> [Available data]

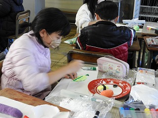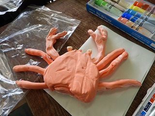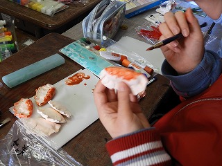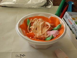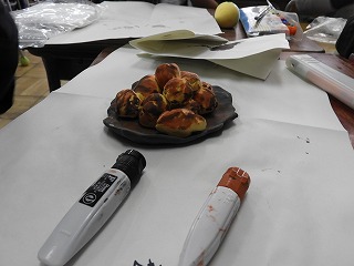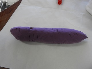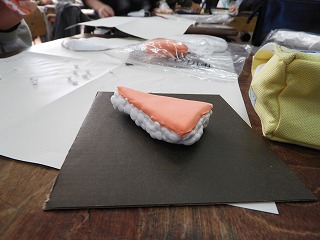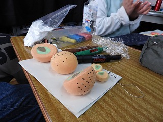 今日は、担当する都道府県の特産品を紙粘土で作りました。前回、「にこちゃん」「わるちゃん」作りで粘土の扱いに慣れているので、てきぱきと進めることができていました。
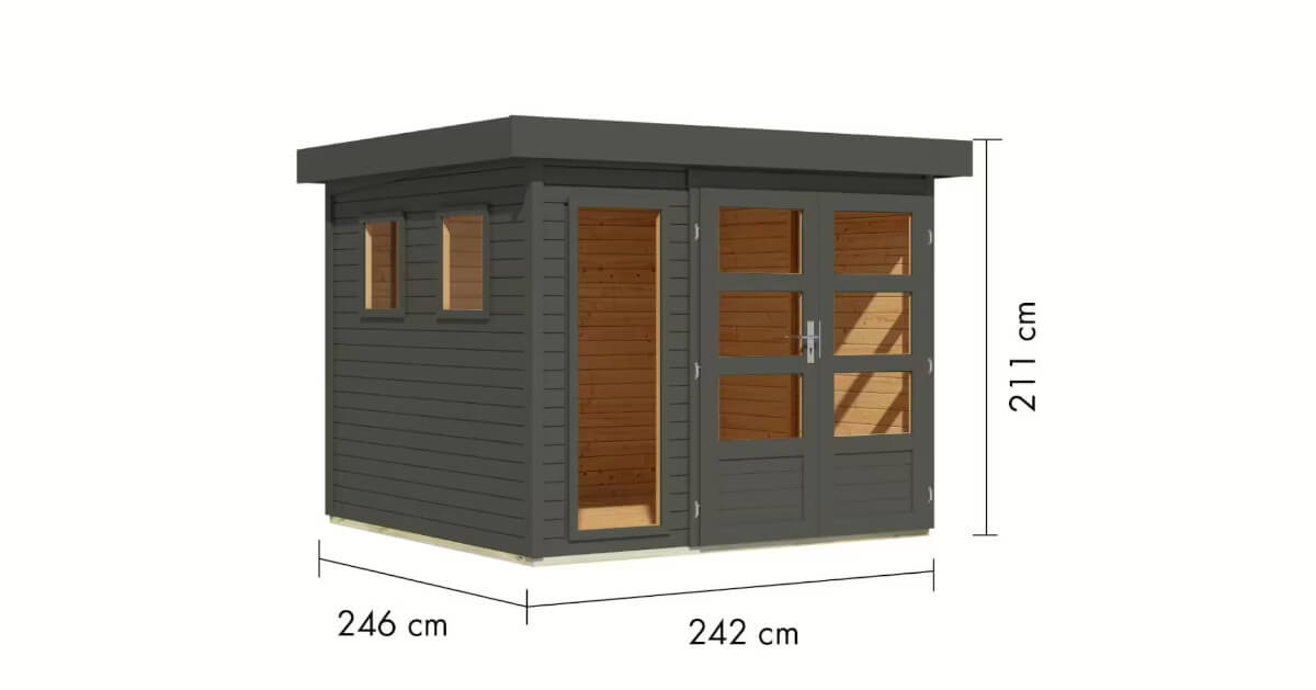 Die Grundfläche beträgt 5,76 qm bei einem umbauten Raum von 11,5 cbm. Mit einer Seitenhöhe von 195 cm und einer Firsthöhe von 211 cm bietet das Gerätehaus optimale Raumnutzung. Das Gartenhaus ohne Anbauten hat ein Sockelmaß von 238 cm x 242 cm. Bodenbalken sorgen für den Schutz von unten und werden unter das Gartenhaus gelegt. Durch die Kesseldruckimprägnierung der Bodenbalken sind diese vor Witterungseinflüssen und holzzersetzenden Pilzen bereits geschützt. Die praktische und vormontierte Tür sorgt mit ihren großzügigen Abmessungen und dem Massivholzrahmen für einen einfachen Zutritt in das Gartenhaus und sichert den Inhalt nebenbei effektiv vor unbefugtem Zugriff.
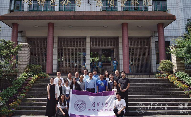 清华师生与吉首市民族中学领导老师合影留念。张博 摄

> [Assigned task]
The material above is to be transcribed exactly, with its images omitted.

> [Written reply]
 今日は、担当する都道府県の特産品を紙粘土で作りました。前回、「にこちゃん」「わるちゃん」作りで粘土の扱いに慣れているので、てきぱきと進めることができていました。
 Die Grundfläche beträgt 5,76 qm bei einem umbauten Raum von 11,5 cbm. Mit einer Seitenhöhe von 195 cm und einer Firsthöhe von 211 cm bietet das Gerätehaus optimale Raumnutzung. Das Gartenhaus ohne Anbauten hat ein Sockelmaß von 238 cm x 242 cm. Bodenbalken sorgen für den Schutz von unten und werden unter das Gartenhaus gelegt. Durch die Kesseldruckimprägnierung der Bodenbalken sind diese vor Witterungseinflüssen und holzzersetzenden Pilzen bereits geschützt. Die praktische und vormontierte Tür sorgt mit ihren großzügigen Abmessungen und dem Massivholzrahmen für einen einfachen Zutritt in das Gartenhaus und sichert den Inhalt nebenbei effektiv vor unbefugtem Zugriff.
 清华师生与吉首市民族中学领导老师合影留念。张博 摄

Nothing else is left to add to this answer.